Radish (Raphanus Sativus) is another root vegetable of the Brassicaceae family, that was cultivated in Europe during pre-Roman times. Radishes are cultivated and usually eaten raw all over the world, as a crisp vegetable salad. They come in many varieties of varying size and color plus the amount of time needed for their maturing. Sometimes these are also grown as accompanying plants and are affected by only some pests or diseases. They sprout and grow quickly. Its smaller varieties get ready for eating within four weeks while bigger daikon varieties take many months.
Radishes may be grown once or twice a year. These are inflated tap roots that can be cylindrical, tapering or globular. The color of their skin varies from red, purple, pink, green and yellow to black, though the flesh is typically white. The shorter varieties have leaves of about one inch diameter, which can go up to three inches in the longer variety.

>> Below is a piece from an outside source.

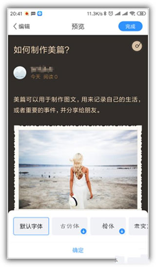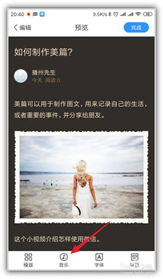 2、下滑页面,即可看到文章的整体样式。确认无误后,点击左下角的模板。

Antimicrobial activity: The ISO Thio-Cyanates play an important role in wasabi’s action against pylori Helicobacter. Sulforaphane displays anti-inflammatory properties of the gastric mucosae infecting the Helicobacter pyloris in mice and humans. ISO-Thio-Cyanates have also been known to prevent cancer when tested on mice.

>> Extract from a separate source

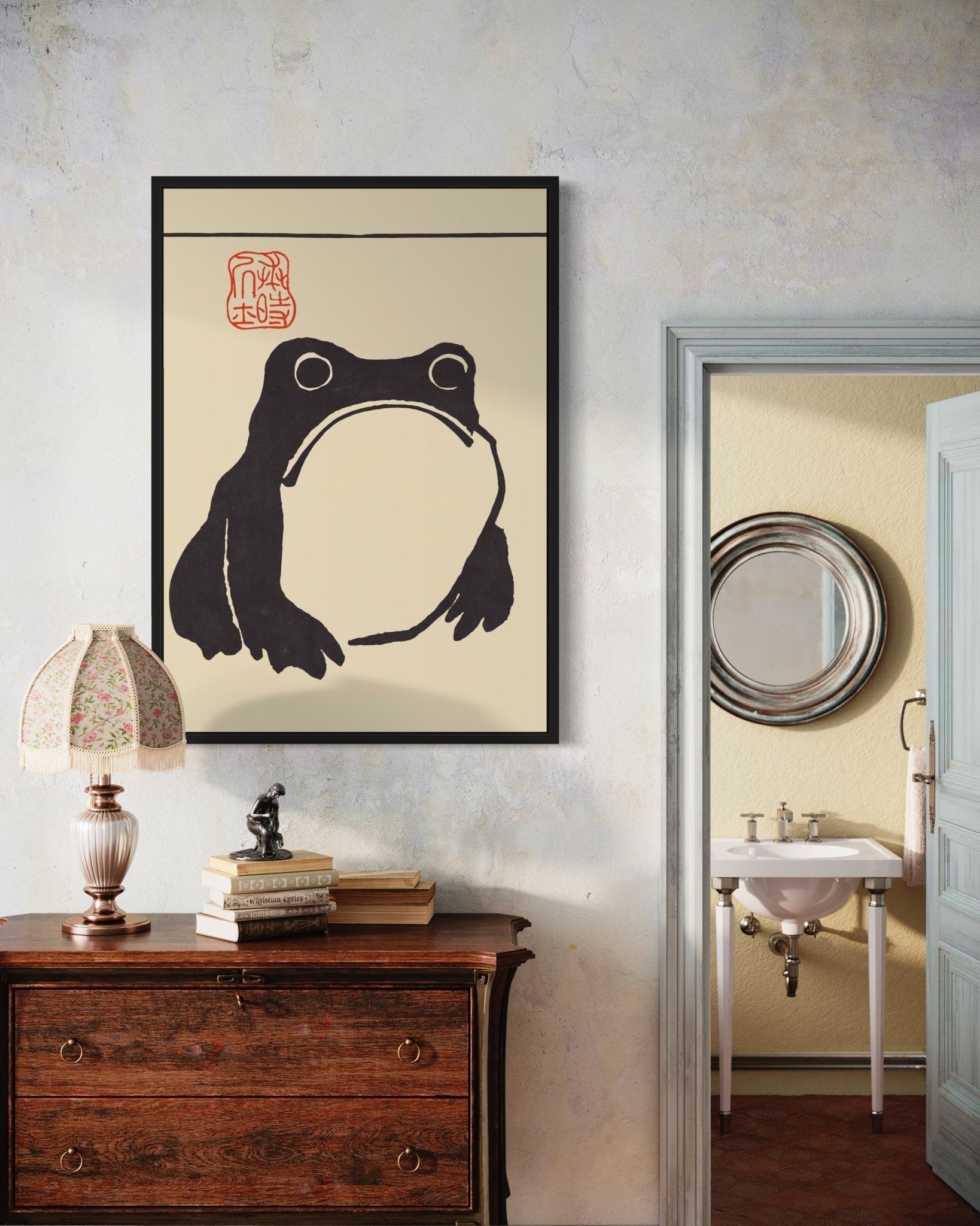 Introducing our captivating Grumpy Japanese Frog Wall Art, a stunning poster that combines frog charm with Japanese artistry. This unique piece showcases a grumpy frog in a Japanese style, with intricate details and vibrant colours. Perfect for adding whimsy and cultural flair to any space, this poster is sure to be a conversation starter and a delightful addition to your home decor. Embrace the fusion of Japanese aesthetics with this captivating wall art that brings joy and intrigue to any room.

Cruciferous vegetables include glucosinolates, which are transformed to many chemicals which could possess anticancer properties. For instance, 3,3′-Diindolylmethane (DIM) found in Brassica vegetables is an antiandrogen that is antiproliferative to human prostate cancer cells.
Consumption of these vegetables is connected to low rates of cancer. Moreover, 3,3′-Diindolylmethane (DIM) and indole-3-carbinol (I3C) also influence estrogen metabolism and lead to positive shifts in hormone markers which may decrease the occurrence of many kinds of cancer.
Drug and Toxin Metabolism
Chemicals that cruciferous vegetables contain encourage the expression of liver enzyme CYP1A2. Moreover, certain drugs like theophylline and haloperidol get metabolized by CYP1A2. Accordingly, eating of cruciferous vegetables could reduce bioavailability plus half-life of such drugs.
Cruciferous vegetables could possibly be goitrogenic (encouraging goiter formation). They have enzymes which hinder the formation of thyroid hormone in people having iodine deficiency. Cooking for thirty minutes considerably decreases the quantity of nitriles and goitrogens. With large consumption of crucifers, the goitrogens slows down the assimilation of iodine into thyroid hormone as well the relocation of iodine to milk by the mammary glands.